La fille se redressa, les yeux rougis.
« Non, non, je savais pas, mais je veux ce fric, j’en ai besoin, s’il vous plait.
— Anne-Claude, fais gaffe, on est pas là pour plaisanter. Si t’es pas prête, on va pas en faire tout un plat. Fais-toi encore la main avec les mecs de l’amphi, et puis reviens nous voir. Nous, de toute les façons, on pense que t’as un bel avenir, avec ou sans nous, mais que ça serait encore mieux pour tout le monde si c’était avec nous.
— Exactement, papa.
— Non, non ! Je vous en prie... (Elle se tourna vers moi, essayant vaillamment de se montrer sous son meilleur jour.) Allez-y, vous pouvez me tripoter.
— T’es sûre ? demandai-je. Je voudrais pas m’imposer.
— Mais oui ! Où vous voudrez ! »
Après avoir retiré son débardeur, elle attrapa ma main et la posa sur ses bonnets C. Je tâtai et soupesai. C’était chaud, souple et ferme.

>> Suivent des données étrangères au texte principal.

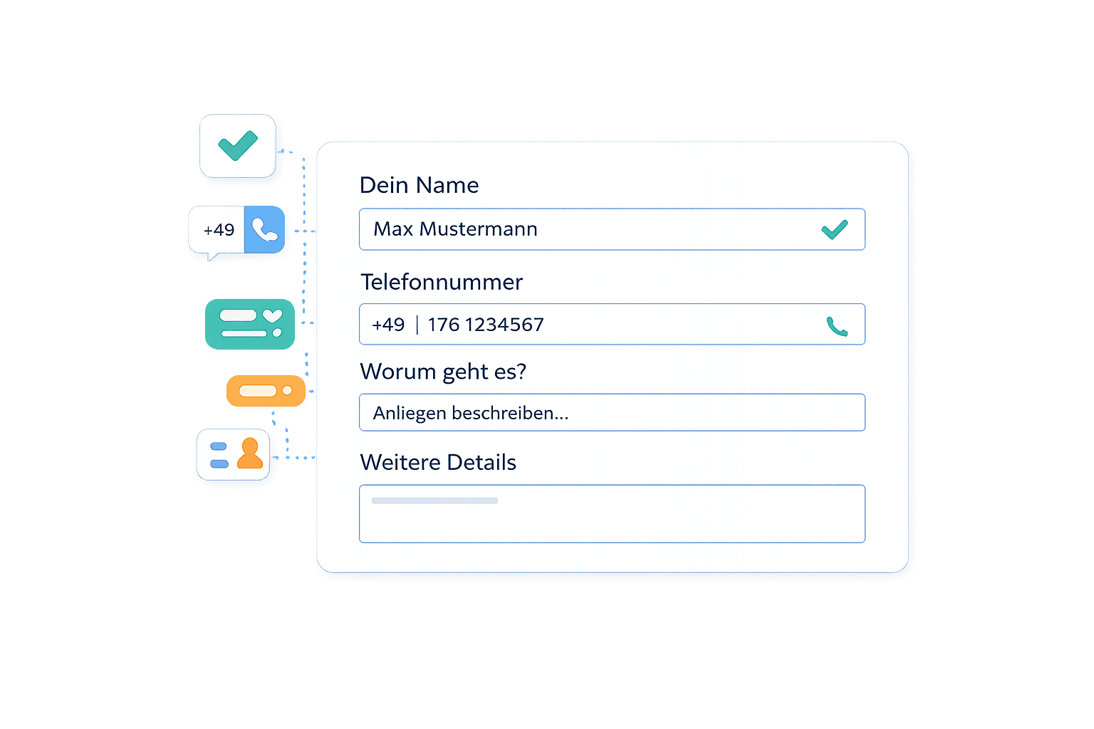 Frage beim Buchen genau die Informationen ab, die du brauchst – zum Beispiel Anliegen, Telefonnummer oder weitere Details.

Samantha vint près de nous et plaqua une main sur le cul d’Anne-Claude. La fille se raidit.
« Allons, allons, dis-je, mon petit canard, y faut bien qu’on vérifie nous-mêmes la qualité. »
Samantha la chauffa, debout. Elle se mit à gémir. Il fallait bien tendre l’oreille.
« Vas-y, papa, elle est prête. »
Je vins au contact. Un moment, je crus qu’elle allait dégueuler. Samantha la fit s’agenouiller. Après quelques tapes sur la tête, elle finit par s’activer, puis, galamment, je l’aidai à se relever, avant de l’inviter à s’accroupir en la rassurant sur mes intentions : il n’était pas question de sodomie. De toute façon, mon chibre l’aurait déchirée.
Samantha en profitait pour effectuer avec son smartphone quelques clichés destinés au book de notre nouvelle camarade. Dès ce soir, elle les mettrait en ligne sur notre site. J’avais trouvé son pseudo : Reine Claude, notre première escort. Je sentais que les clients allaient se bousculer. Paris serait toujours Paris. La Reine Claude prit l’initiative d’un délicat feulement quand je conclus. Tout en m’essuyant avec le débardeur de la donzelle, je félicitai Samantha occupée à recadrer ses photos. Si elle nous en dégottait encore deux ou trois comme Anne-Claude, notre fortune était à portée de main.